* _BRIEF_: Please repeat, exactly and without pictures, the lines of the entries below that run from the one containing "Hit Promotional Products" through the one containing "Картина из янтаря".

* _SOURCE RECORDS_:

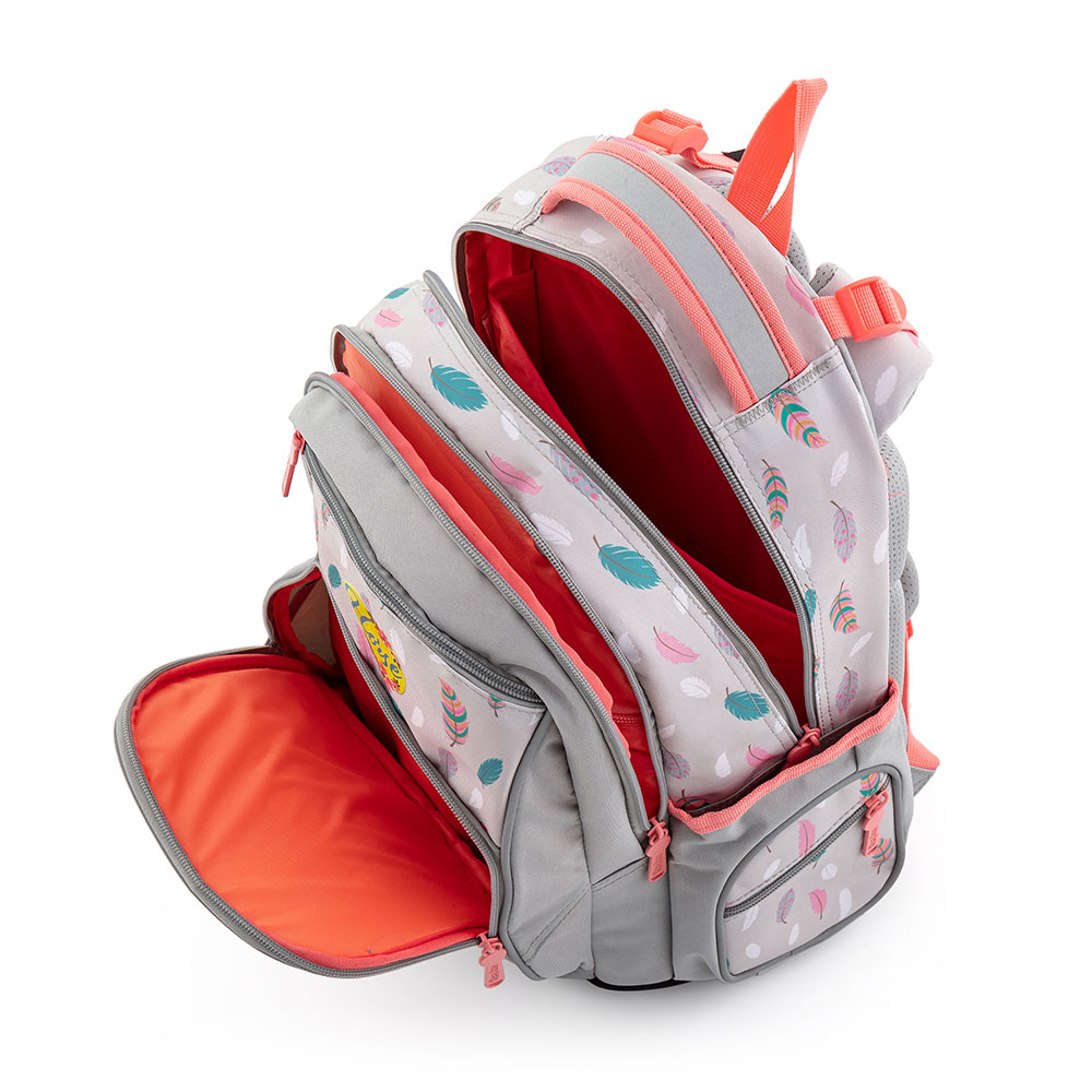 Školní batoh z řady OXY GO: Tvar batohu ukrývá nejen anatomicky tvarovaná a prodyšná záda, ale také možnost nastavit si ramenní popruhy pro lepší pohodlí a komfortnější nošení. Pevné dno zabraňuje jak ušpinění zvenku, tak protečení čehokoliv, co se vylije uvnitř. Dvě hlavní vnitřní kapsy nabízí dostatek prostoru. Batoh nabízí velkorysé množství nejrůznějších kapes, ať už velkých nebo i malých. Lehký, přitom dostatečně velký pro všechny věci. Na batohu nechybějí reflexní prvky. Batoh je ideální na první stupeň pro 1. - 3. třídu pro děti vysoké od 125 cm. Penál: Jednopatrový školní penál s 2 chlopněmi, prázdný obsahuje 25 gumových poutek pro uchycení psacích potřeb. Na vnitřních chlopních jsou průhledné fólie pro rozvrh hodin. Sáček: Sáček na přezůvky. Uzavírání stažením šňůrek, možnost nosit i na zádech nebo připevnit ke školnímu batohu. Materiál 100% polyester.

==

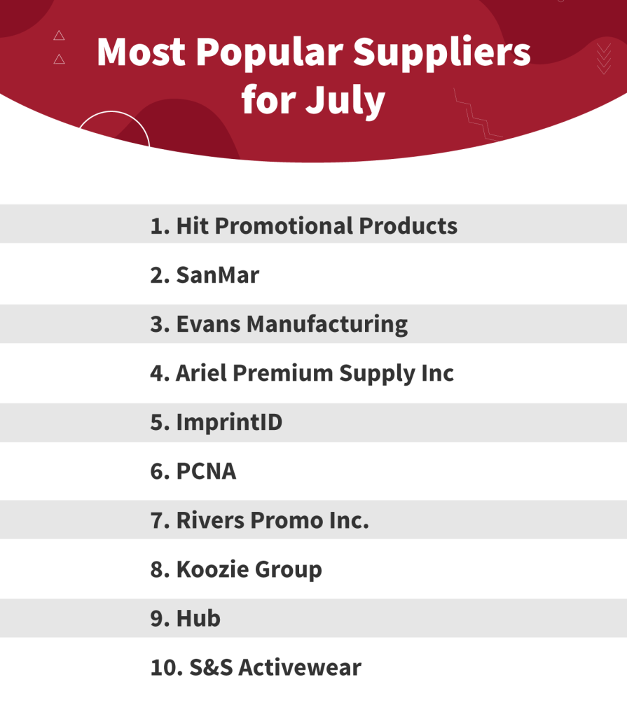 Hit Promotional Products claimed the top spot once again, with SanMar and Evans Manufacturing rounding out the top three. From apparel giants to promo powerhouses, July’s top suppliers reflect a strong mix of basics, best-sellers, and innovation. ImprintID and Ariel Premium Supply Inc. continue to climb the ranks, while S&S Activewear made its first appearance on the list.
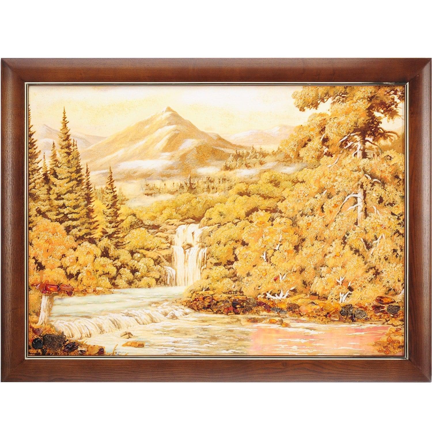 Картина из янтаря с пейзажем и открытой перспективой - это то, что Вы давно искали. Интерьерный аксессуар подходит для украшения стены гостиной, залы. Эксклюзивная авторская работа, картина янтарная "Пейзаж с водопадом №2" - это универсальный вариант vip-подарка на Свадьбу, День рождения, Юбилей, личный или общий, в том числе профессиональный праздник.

* * *

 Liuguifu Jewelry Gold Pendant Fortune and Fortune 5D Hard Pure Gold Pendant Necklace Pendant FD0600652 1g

* _EXERCISE ANSWER_:
 Hit Promotional Products claimed the top spot once again, with SanMar and Evans Manufacturing rounding out the top three. From apparel giants to promo powerhouses, July’s top suppliers reflect a strong mix of basics, best-sellers, and innovation. ImprintID and Ariel Premium Supply Inc. continue to climb the ranks, while S&S Activewear made its first appearance on the list.
 Картина из янтаря с пейзажем и открытой перспективой - это то, что Вы давно искали. Интерьерный аксессуар подходит для украшения стены гостиной, залы. Эксклюзивная авторская работа, картина янтарная "Пейзаж с водопадом №2" - это универсальный вариант vip-подарка на Свадьбу, День рождения, Юбилей, личный или общий, в том числе профессиональный праздник.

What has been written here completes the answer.